- [WHAT NEEDS TO BE DONE]
Restate word for word the entries below, starting at the line with "Vendo Garmin instinct" and ending at the line with "Straps Sparkly Tulle". Keep both end lines and omit the pictures.
DATA EXCERPTS Block Start
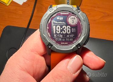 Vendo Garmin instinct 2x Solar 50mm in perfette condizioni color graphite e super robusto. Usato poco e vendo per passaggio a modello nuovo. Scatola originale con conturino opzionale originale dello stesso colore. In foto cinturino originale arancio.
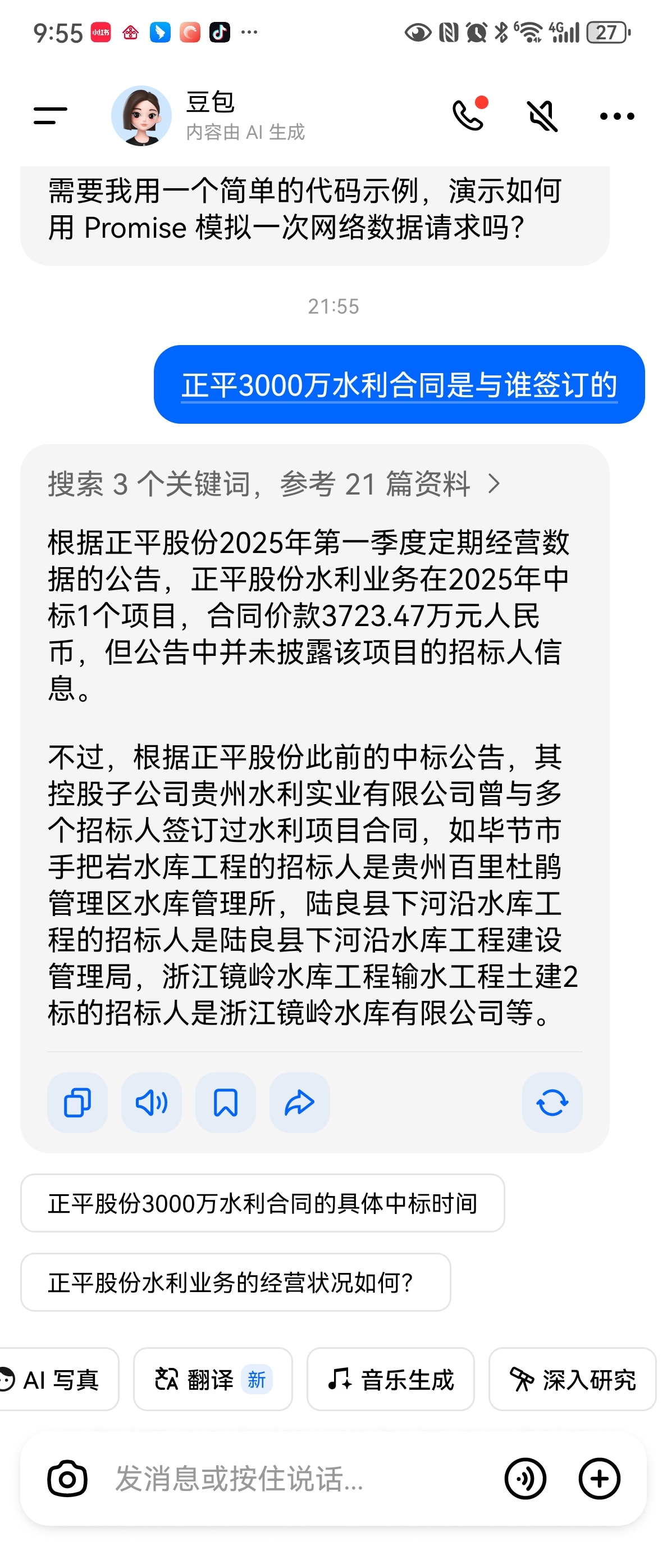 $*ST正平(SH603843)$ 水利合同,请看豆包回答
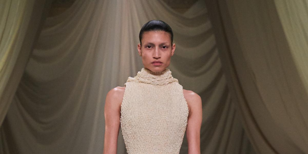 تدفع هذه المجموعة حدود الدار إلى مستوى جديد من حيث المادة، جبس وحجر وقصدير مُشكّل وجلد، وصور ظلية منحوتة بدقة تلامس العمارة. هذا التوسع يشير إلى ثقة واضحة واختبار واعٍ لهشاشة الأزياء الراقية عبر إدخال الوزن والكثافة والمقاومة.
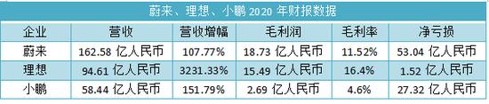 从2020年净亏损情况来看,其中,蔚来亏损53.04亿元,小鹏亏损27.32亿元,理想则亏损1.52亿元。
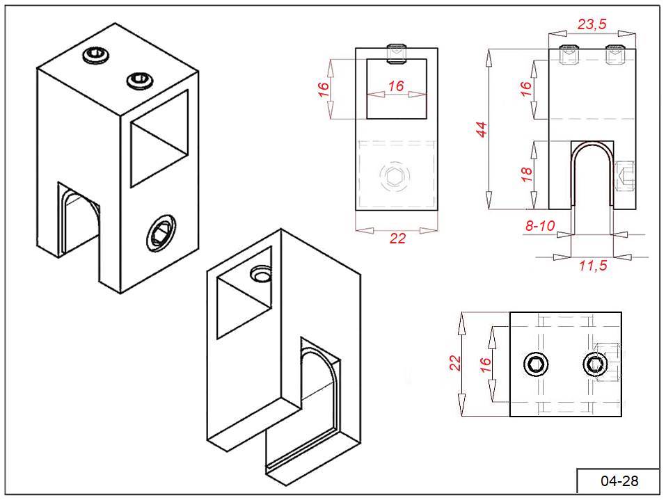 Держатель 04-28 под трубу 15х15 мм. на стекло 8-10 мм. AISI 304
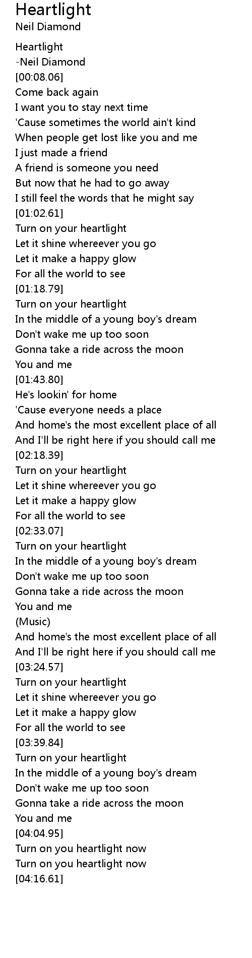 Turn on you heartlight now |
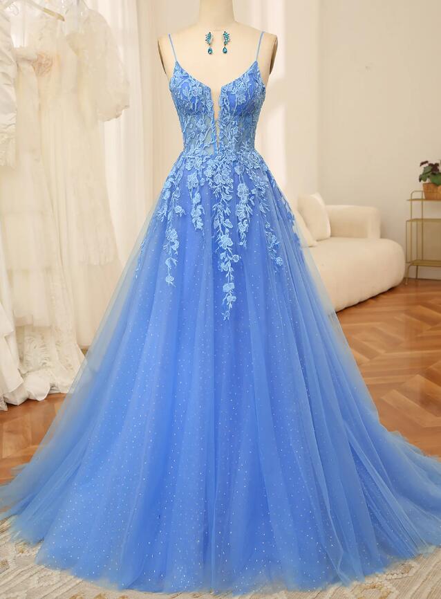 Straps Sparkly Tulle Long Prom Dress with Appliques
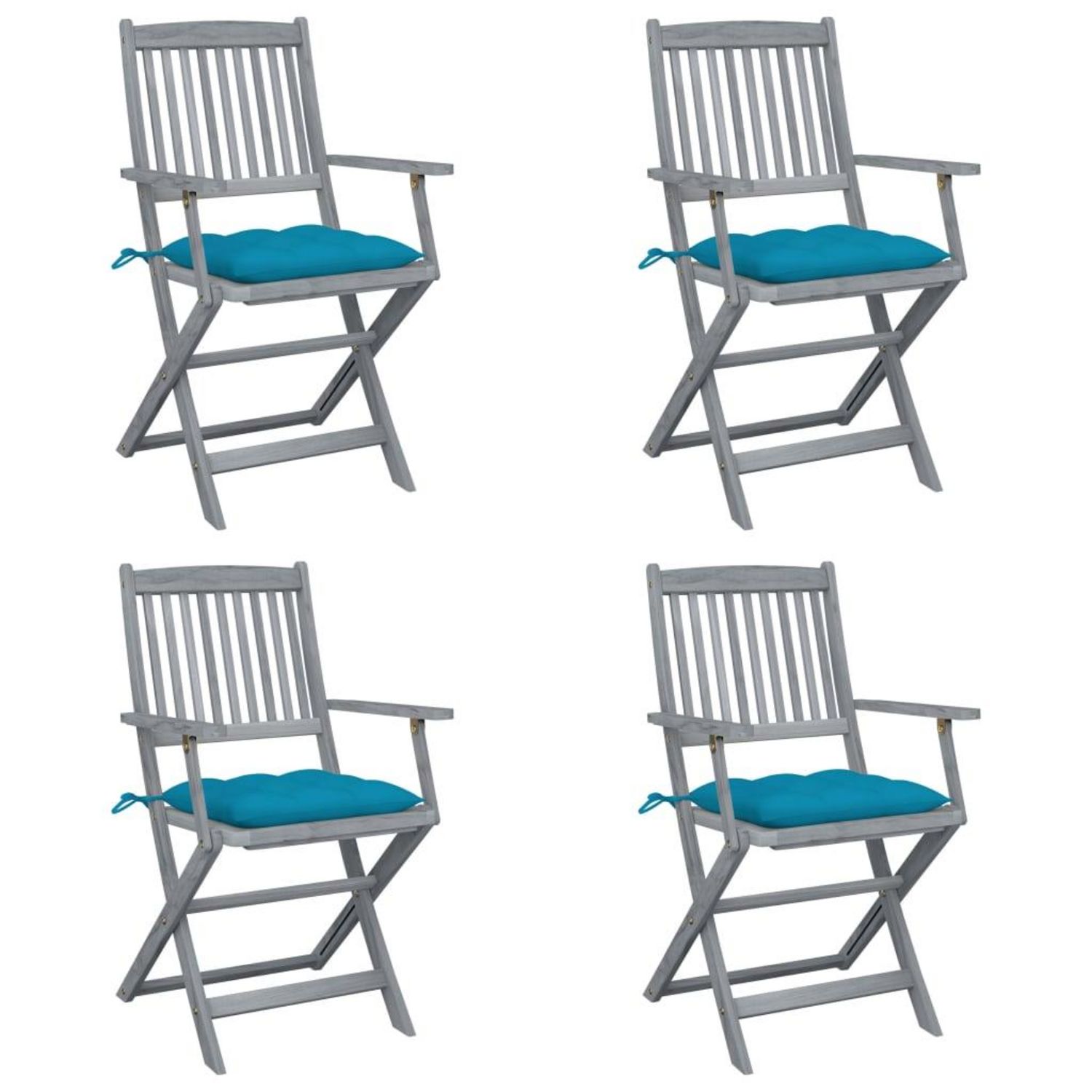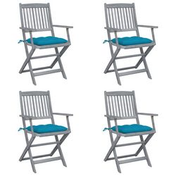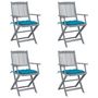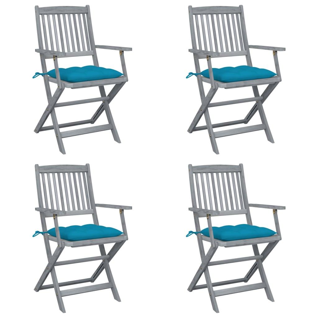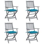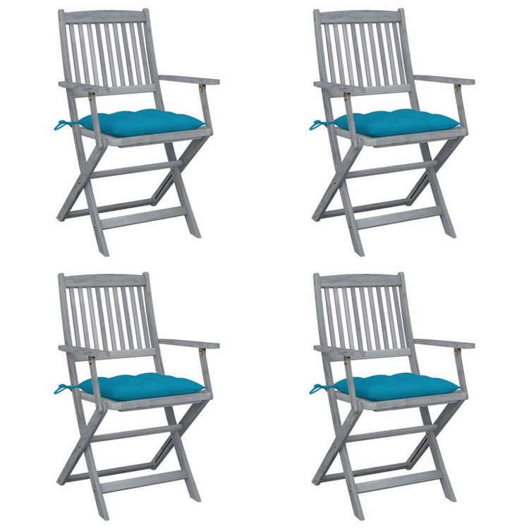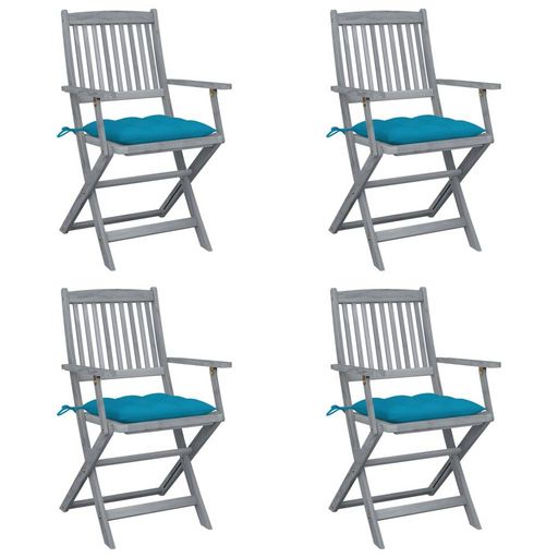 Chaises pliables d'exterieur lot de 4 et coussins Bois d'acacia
DATA EXCERPTS Block End
DATA EXCERPTS Block Start
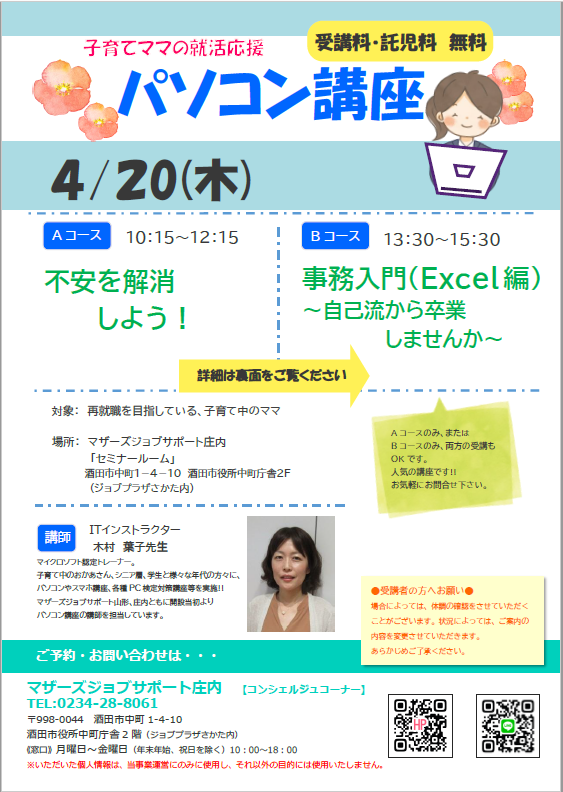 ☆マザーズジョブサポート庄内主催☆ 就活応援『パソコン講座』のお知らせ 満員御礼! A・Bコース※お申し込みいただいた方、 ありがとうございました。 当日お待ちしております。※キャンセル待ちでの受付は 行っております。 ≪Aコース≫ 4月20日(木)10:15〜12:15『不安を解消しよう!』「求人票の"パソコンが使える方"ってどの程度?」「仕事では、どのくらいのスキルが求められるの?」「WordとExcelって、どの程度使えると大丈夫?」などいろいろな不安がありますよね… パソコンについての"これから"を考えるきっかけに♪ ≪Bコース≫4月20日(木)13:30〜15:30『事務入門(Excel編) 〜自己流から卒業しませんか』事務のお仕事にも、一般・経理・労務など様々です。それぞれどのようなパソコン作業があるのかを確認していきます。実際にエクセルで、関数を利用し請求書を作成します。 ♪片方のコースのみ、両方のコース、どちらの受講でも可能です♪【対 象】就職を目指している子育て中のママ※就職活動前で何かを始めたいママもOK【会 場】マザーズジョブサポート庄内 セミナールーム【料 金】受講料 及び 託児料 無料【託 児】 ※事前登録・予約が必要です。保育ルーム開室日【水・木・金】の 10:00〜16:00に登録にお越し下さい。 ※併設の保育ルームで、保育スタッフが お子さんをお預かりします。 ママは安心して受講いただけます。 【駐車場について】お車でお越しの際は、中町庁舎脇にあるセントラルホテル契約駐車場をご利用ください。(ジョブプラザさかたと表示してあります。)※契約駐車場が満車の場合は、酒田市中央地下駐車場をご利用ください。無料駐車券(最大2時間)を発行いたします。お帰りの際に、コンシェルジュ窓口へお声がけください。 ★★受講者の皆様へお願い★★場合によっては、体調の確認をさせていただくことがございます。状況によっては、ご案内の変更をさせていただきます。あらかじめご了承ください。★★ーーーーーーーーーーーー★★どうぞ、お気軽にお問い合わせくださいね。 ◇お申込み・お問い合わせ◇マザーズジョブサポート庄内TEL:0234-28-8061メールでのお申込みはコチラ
DATA EXCERPTS Block End
DATA EXCERPTS Block Start
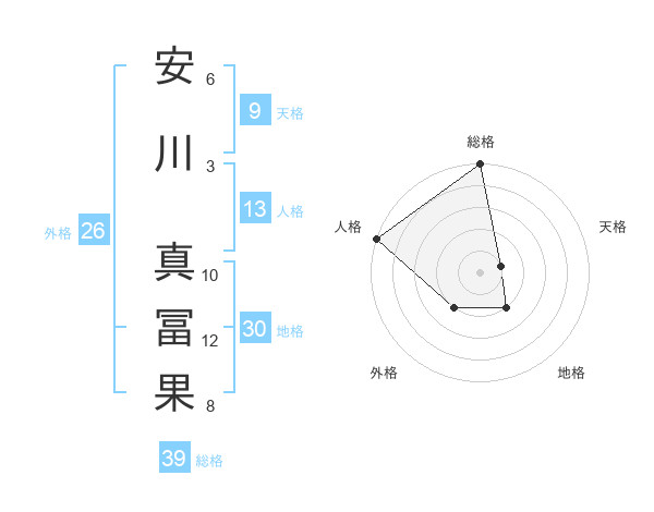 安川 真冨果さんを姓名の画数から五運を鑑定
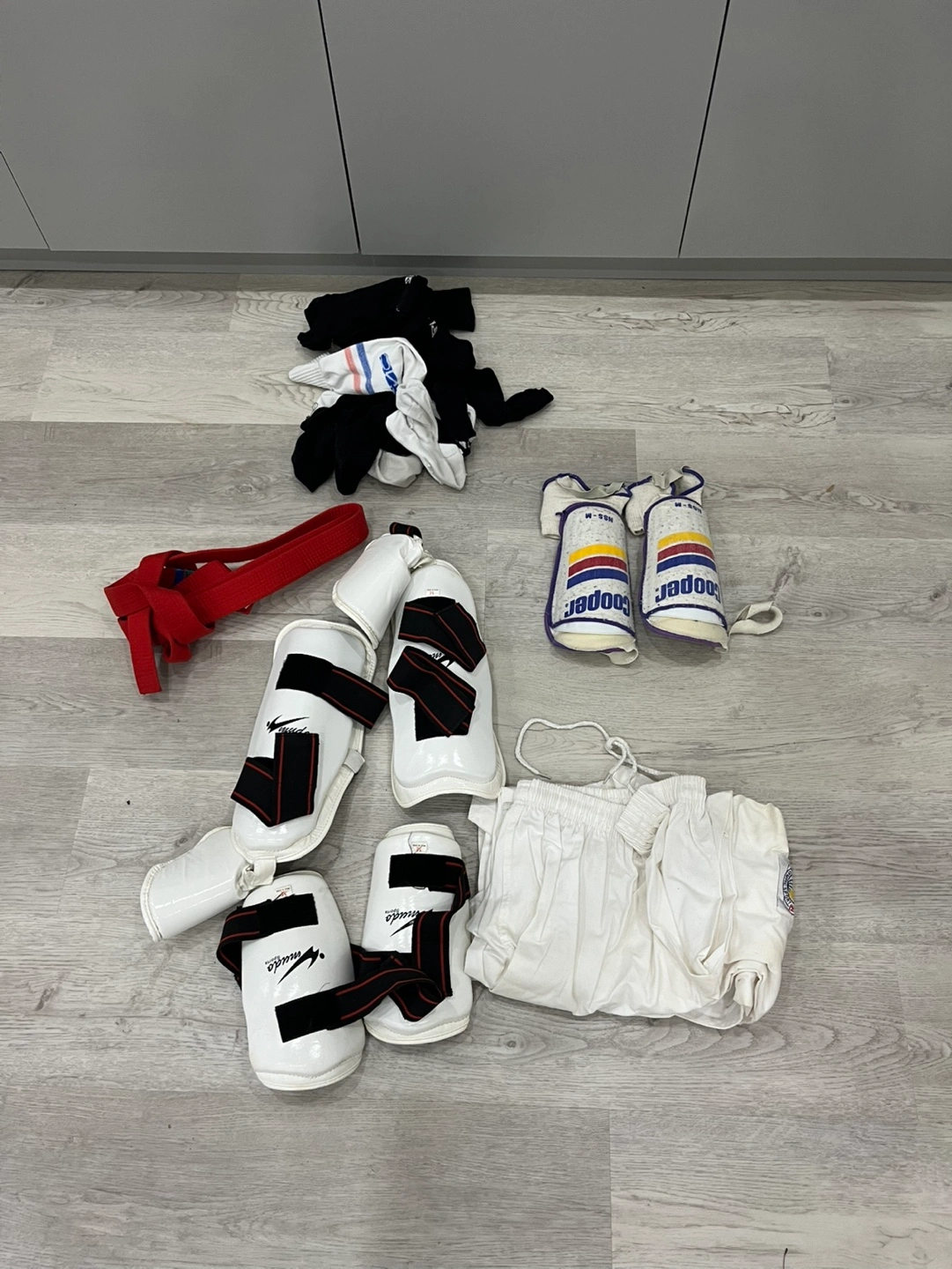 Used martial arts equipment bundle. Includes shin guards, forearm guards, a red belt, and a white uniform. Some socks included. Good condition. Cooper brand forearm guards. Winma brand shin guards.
DATA EXCERPTS Block End
- [EXERCISE SOLUTION]
 Vendo Garmin instinct 2x Solar 50mm in perfette condizioni color graphite e super robusto. Usato poco e vendo per passaggio a modello nuovo. Scatola originale con conturino opzionale originale dello stesso colore. In foto cinturino originale arancio.
 $*ST正平(SH603843)$ 水利合同,请看豆包回答
 تدفع هذه المجموعة حدود الدار إلى مستوى جديد من حيث المادة، جبس وحجر وقصدير مُشكّل وجلد، وصور ظلية منحوتة بدقة تلامس العمارة. هذا التوسع يشير إلى ثقة واضحة واختبار واعٍ لهشاشة الأزياء الراقية عبر إدخال الوزن والكثافة والمقاومة.
 从2020年净亏损情况来看,其中,蔚来亏损53.04亿元,小鹏亏损27.32亿元,理想则亏损1.52亿元。
 Держатель 04-28 под трубу 15х15 мм. на стекло 8-10 мм. AISI 304
 Turn on you heartlight now |
 Straps Sparkly Tulle Long Prom Dress with Appliques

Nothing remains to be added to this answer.